Required action
Exclude the pictures, then repeat the remaining data exactly.

Input records
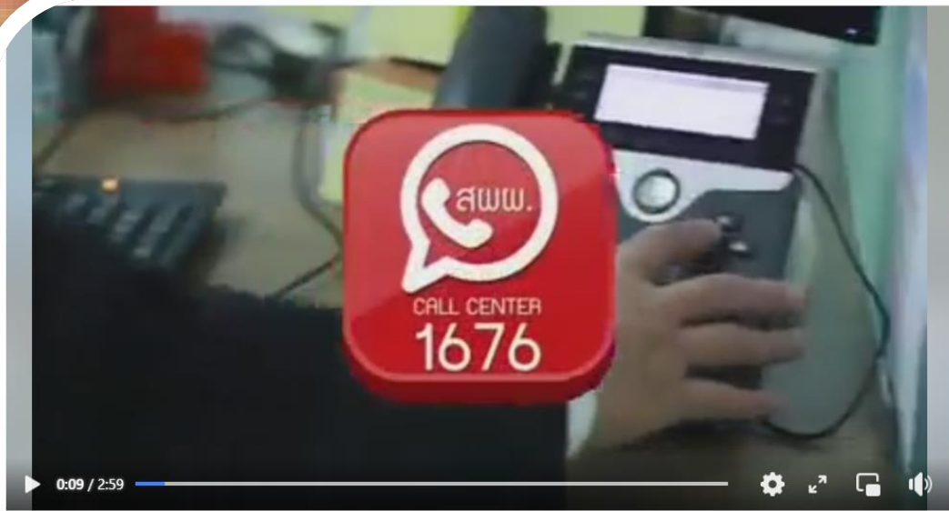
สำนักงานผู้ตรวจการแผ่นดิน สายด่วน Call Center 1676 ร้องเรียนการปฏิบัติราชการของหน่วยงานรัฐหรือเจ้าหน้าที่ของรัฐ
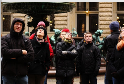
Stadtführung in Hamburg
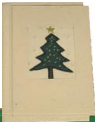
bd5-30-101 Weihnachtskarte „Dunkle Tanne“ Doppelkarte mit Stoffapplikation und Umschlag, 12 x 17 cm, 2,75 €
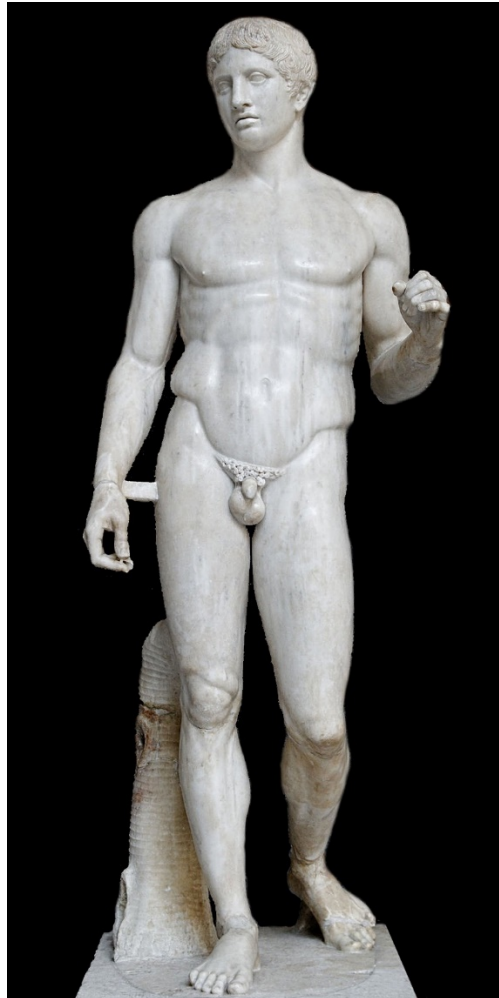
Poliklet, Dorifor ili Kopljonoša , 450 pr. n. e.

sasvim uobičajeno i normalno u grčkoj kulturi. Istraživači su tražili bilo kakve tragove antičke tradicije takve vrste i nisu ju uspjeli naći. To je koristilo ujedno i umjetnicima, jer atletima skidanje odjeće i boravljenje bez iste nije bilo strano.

Your response
สำนักงานผู้ตรวจการแผ่นดิน สายด่วน Call Center 1676 ร้องเรียนการปฏิบัติราชการของหน่วยงานรัฐหรือเจ้าหน้าที่ของรัฐ
Stadtführung in Hamburg
bd5-30-101 Weihnachtskarte „Dunkle Tanne“ Doppelkarte mit Stoffapplikation und Umschlag, 12 x 17 cm, 2,75 €
Poliklet, Dorifor ili Kopljonoša , 450 pr. n. e.

sasvim uobičajeno i normalno u grčkoj kulturi. Istraživači su tražili bilo kakve tragove antičke tradicije takve vrste i nisu ju uspjeli naći. To je koristilo ujedno i umjetnicima, jer atletima skidanje odjeće i boravljenje bez iste nije bilo strano.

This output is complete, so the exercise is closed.